We've all fallen victim to the insult cunningly disguised as a compliment, and the worst ones are those that set off a chain of realisation – Oh my god, is this what everyone thinks about me?
Let us be clear: we're not just talking common or garden tactlessness, like the time a beauty journalist friend offered me a free product with the words, 'Hattie, you've got oily skin – do you want this?' (This was a bombshell. I'd been happily imagining my skin fell into the 'normal' category for years. Now I have an expensive addiction to mattifying powder.)

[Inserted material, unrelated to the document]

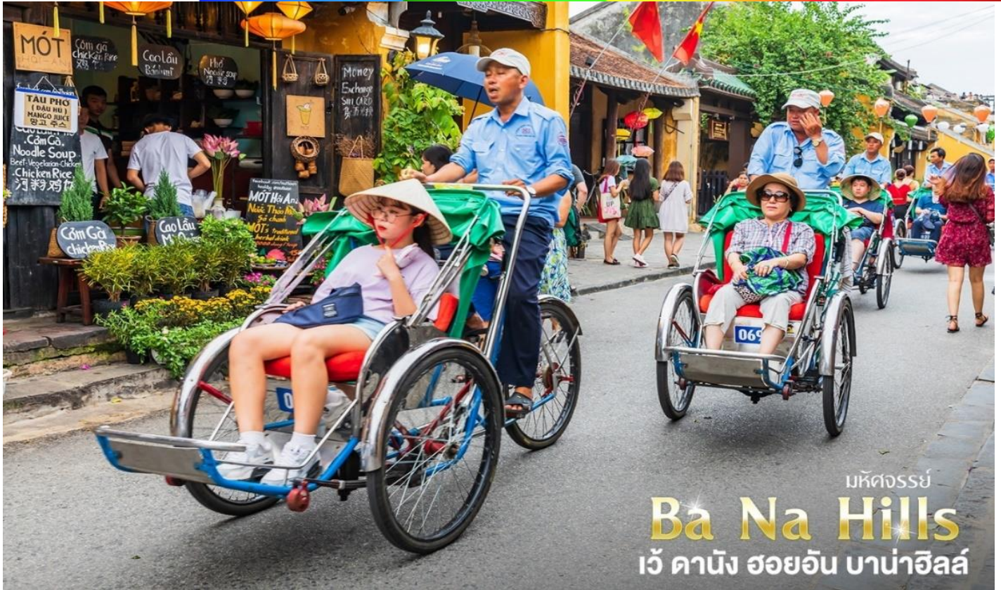
บริษัทจรรยา Ba Na Hills เว้ คานิง ฮอยอัน บาน่าฮิลล์

พิเศษ!! นำท่านนั่งรถสามล้อซีโคล (Cyclo) ชมเมืองเว้ ซึ่งเป็นจุดเด่นและเอกลักษณ์ของเวียดนาม

No, the backhanded compliment takes a certain extra skill and panache. It raises your hopes, then dashes them. It's well-meaning – or pretends to be – but inadvertently brutal. And, if my own experiences are typical, it usually comes from a boyfriend or an older family member.
Let's consider some examples. A friend was recently told by her mother-in-law, 'You look beautiful darling! I'm so glad you've gone blonde again. I didn't think the brown suited you – neither did your mum.' A double whammy of revelations, establishing that for the last year she'd apparently been walking round with unflattering hair – and even her own mother had been talking about it. Now that's how you expose a web of deceit with one casual sentence.
Last month at a family party, one of my parents' friends told me 'I love your dress! It's very Jane Austen.' Much as we all enjoy a literary fashion reference, Jane Austen was very much not the look I was going for. I'm not sure I will ever wear that dress again.
Then there was the friend whose boyfriend – in the 90s, i.e. many years before 'ombre' and 'dip dye' became words that we'd associate with fashionable hair – told her, 'I love the way the roots of your hair don't match the ends.' Cue an emergency appointment at the hairdressers.
And last but not least, let us remember the ex who once affectionately told me, 'You look beautiful,' then hastily amended it. 'Well – pretty.'
If there's one thing I find attractive in a man, it's accuracy with adjectives.
So Janney, it happens to us all. Your appearance can't please all people, all of the time, to paraphrase Abraham Lincoln. At least in your case, you can hit the offending person over the head with one of your four Emmys.